Isolated Thermocouple Thermometer

For very high temperature measurements with thermocouples, an isolated circuit is required for safety and noise rejection:

• Thermocouple – Acts as the temperature transducer based on differential voltage produced by dissimilar metal junctions.
• Isolation Amplifier – Provides electrical isolation and protects low voltage circuitry from high common mode voltages. Also removes noise.
• Cold Junction Compensator – Specialized integrated circuit measures reference junction temperature and compensates voltage to eliminate reference errors.
• ADC – Digitizes the compensated thermocouple voltage for the microcontroller. High resolution ADC improves accuracy.
• Microcontroller – Applies linearization algorithms specific to the thermocouple type. Calculates and displays temperature.
• LCD Display – Shows current temperature reading up to 3-4 digit precision.

The combination of isolation amplifier and cold junction compensation allows this circuit to accurately measure very high temperatures in industrial environments.

Summary

• Digital thermometers convert temperature into an electrical signal and then digitize it to display a numeric temperature reading.
• Key components include temperature sensors, amplifiers, ADCs, microcontrollers, displays, and power supplies.
• Popular sensors used include thermistors, RTDs, thermocouples, and integrated sensors like the LM35.
• Circuit techniques like isolation, linearization, and cold junction compensation help improve measurement accuracy.
• A microcontroller running sensor-specific code allows a single circuit to support multiple sensor types.
• Digital thermometer circuits can be very simple or highly complex depending on the required measurement range and precision.

FAQ

What are the main components of digital thermometer?

The core components are the temperature sensor, signal conditioning circuitry, analog-to-digital converter, microcontroller/display driver, display, and power supply.

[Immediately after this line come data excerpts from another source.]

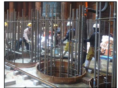
中詰コンクリート 打設 平成30年10月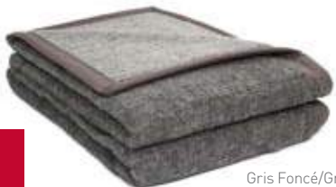
Gris Foncé/Gris Clair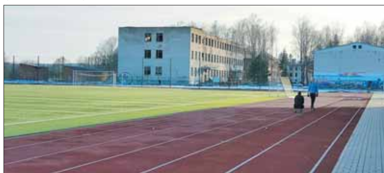
Didelę reikšmę Lietuvos sporto vystymuisi turėjo ir kariniuose miesteliuose įrengti sporto stadionai. Toks stadionas atsirado ir Prienuose. Prieš keletą metų atnaujintas, dabar sporto aikštynas tenkina miesto sporto entuziastų poreikius.

liuose kariuomenės igulos dažnai tapdavo vieninteliais kultūros židiniais, jose buvo salės, bibliotekos. Neraštingi ar mažaraščiai kaimo vaikinai kariuomenėje turėjo galimybę lavintis, įgyti higienos igūdžių (tai liudija tarpukario kariškių spauda), turėjo galimybę skaityti tuometinę spaudą. Didelę reikšmę kariuomenės igulos turėjo ir Lietuvos sporto vystymuisi, igulų teritorijose įkurti pirmieji Lietuvos stadionai, atitinkantys naujausius reikalavimus, juose vyko ne tik vietinės, bet ir tarptautinės varžybos. Toks stadionas atsirado ir Prienų karinio miestelio teritorijoje. Prieš keletą metų moderniai atnaujintas sporto stadionas iki šiol tarnauja visuomenės reikmėms.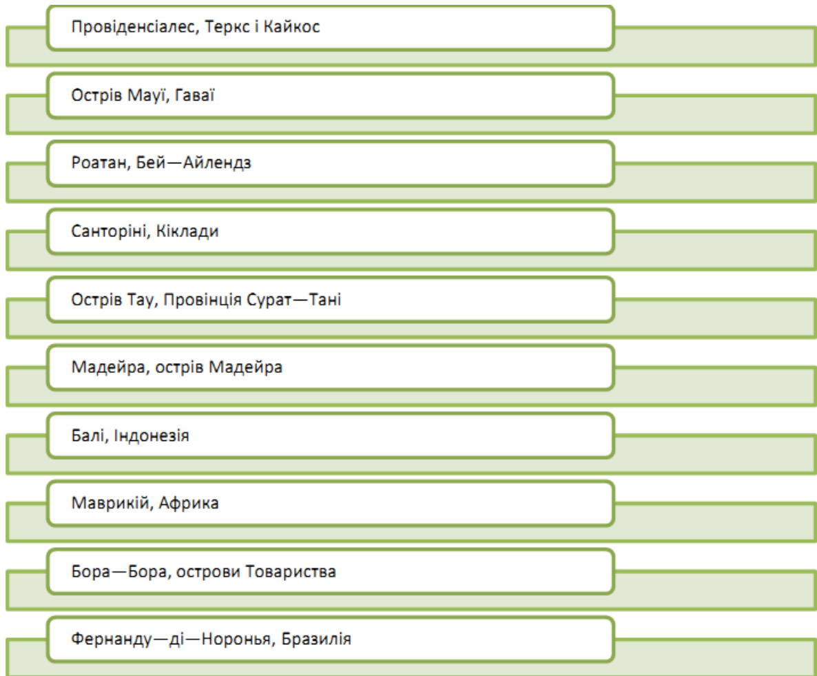
Рис. 3.3. Рейтинг найкращих островів світу за версією TripAdvisor

В 2019 році користувачі порталу TripAdvisor створили список найкращих островів планети, у якому Балі посів почесне 7 місце.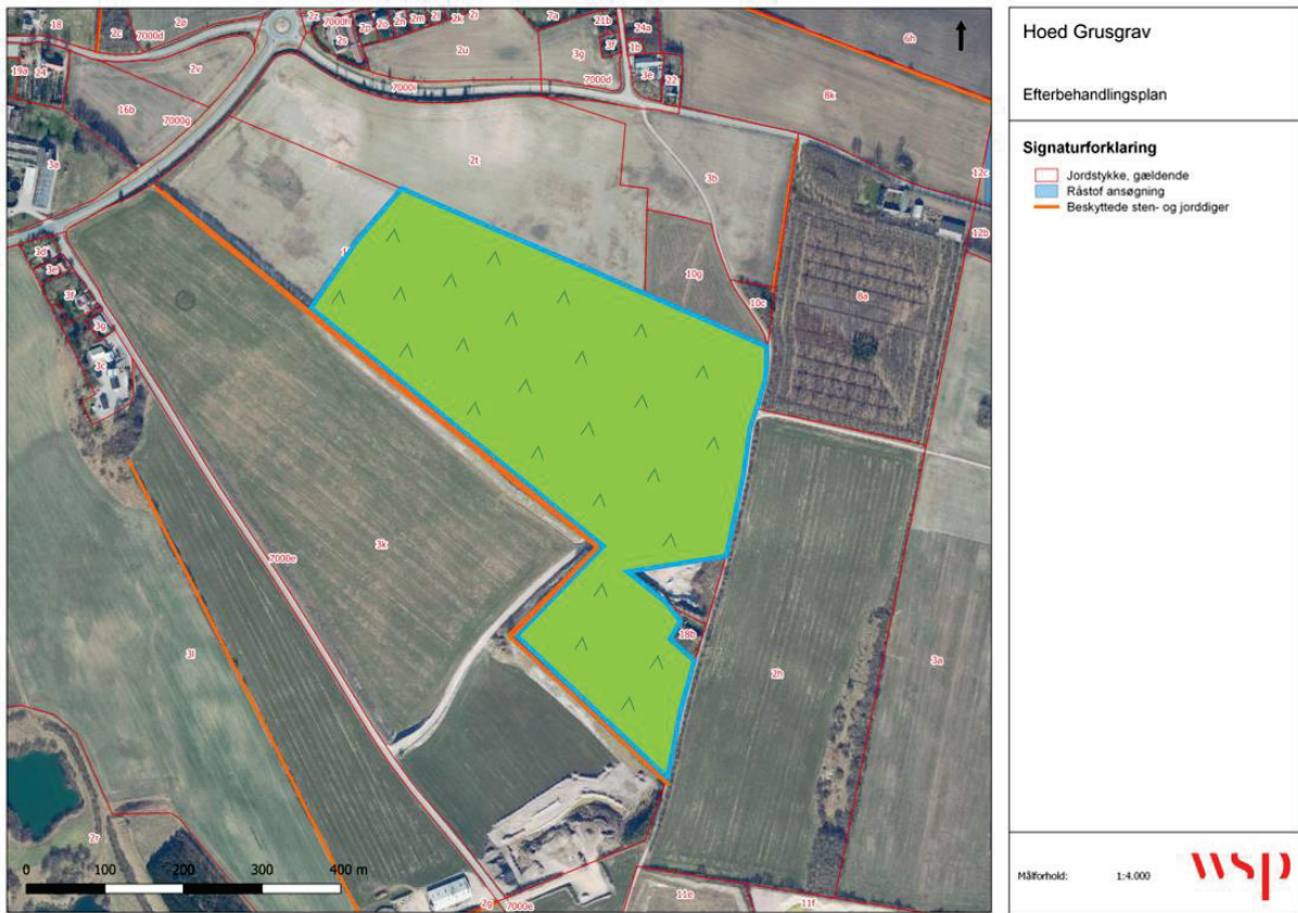
Figur 3.1. Efterbehandlingsplan for det ansøgte område, hvor der gives dispensation til modtagelse af ren jord efter jordforureningslovens § 52. Der vil blive efterbehandlet til jordbrugsmæssig drift, hvor jorden vil blive lagt ud så området kan blive efterbehandlet til det oprindelige terræn (kote 28-31 DVR90).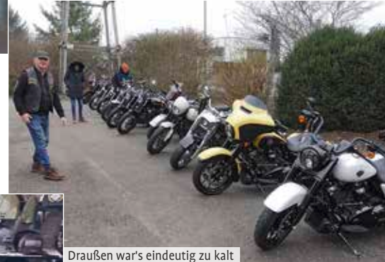
Draußen war's eindeutig zu kalt

etwas zu tun, nahmen sich die Zeit, mit der Kundschaft zu plaudern oder sie zu beraten. Ein lockeres, saugemütli-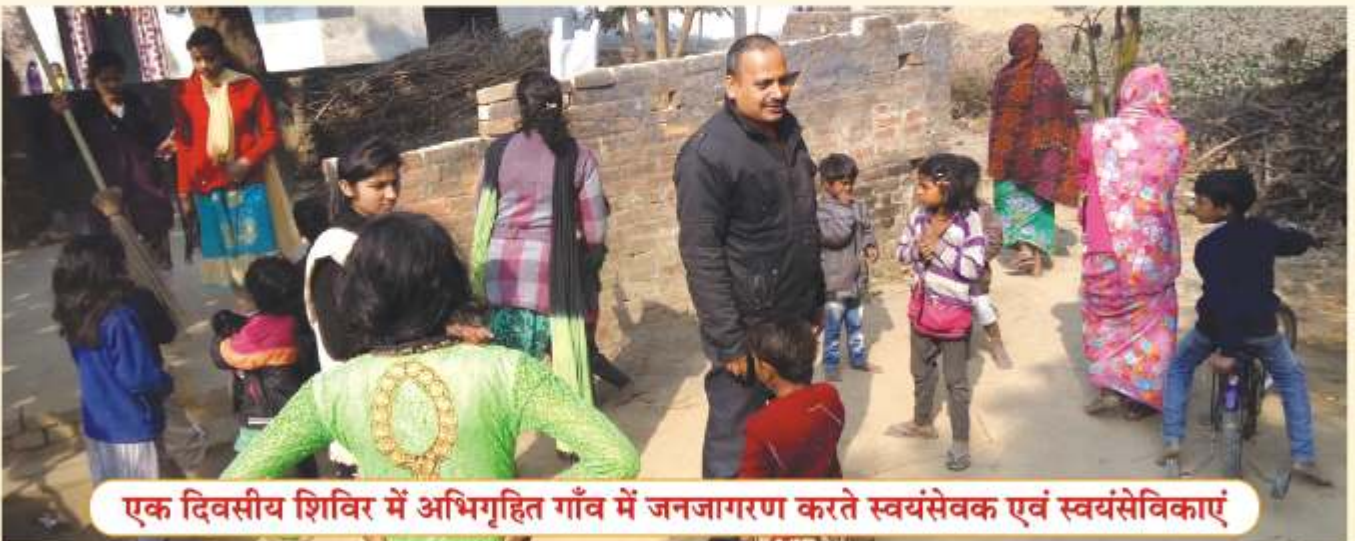
एक दिवसीय शिविर में अभिगृहित गाँव में जनजागरण करते स्वयंसेवक एवं स्वयंसेविकाएं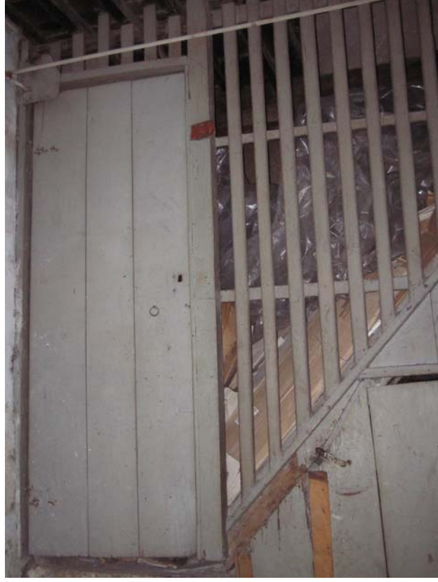
Şekil C.116. Yapının giriş kapısının kuzeybatısında konumlanan selamlık merdiveni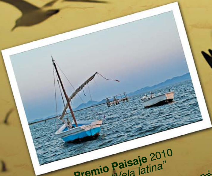
Premio Paisaje 2010 Título: "Vela latina"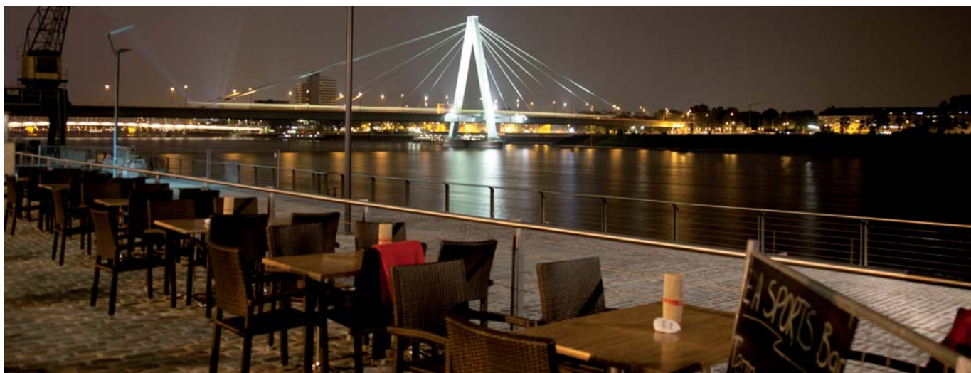
Ein Sommerabend auf der Terrasse der EA SPORTS Bar.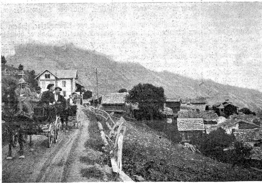
Das Dörfchen Euseigne (Ersingertal, Wallis) vor dem Brande.

Blötzlich blieb er stehen und erbleichte. Dann biß er auf die Zähne und blickte scharf und entschlossen auf eine Eiche hin. Vorsichtig schritt er näher. Das Herz klopfte ihm zum Zerpringen laut: da hinten stand einer. Vielleicht ein Häfcher. Hatte man es doch schon gemerkt, daß er fehlte? Nun, so leicht sollten sie ihn nicht fangen. Unheimlich durchbohrte sein Auge das Dunkel. Er wollte sicher sein und trat auf die Eiche zu. (Schluß folgt.)

Additional components improve linearity, isolation, accuracy, etc.

What temperature sensor is most accurate?

Platinum RTD sensors provide the highest accuracy and stability. However integrated sensors like the LM35 also offer excellent linearity and precision. Thermocouples are highly versatile for wide temperature range but need compensation.

What communication protocols are used in digital thermometers?

Many industrial digital thermometers use HART, Profibus, or Modbus for digital communication overtwisted pair wires or RS-485 links. This allows remote temperature monitoring and digitization.

How does software improve digital thermometer accuracy?

Linearization algorithms running on the microcontroller improve sensor accuracy by correcting non-linearities inherent in devices like thermistors and thermocouples over their operating range.

How does isolation improve digital thermocouple thermometers?

Isolation amplifiers prevent ground loops, reject common mode noise, and protect internal low voltage circuitry from the high voltages that can be produced by thermocouples monitoring very high temperatures in industrial processes.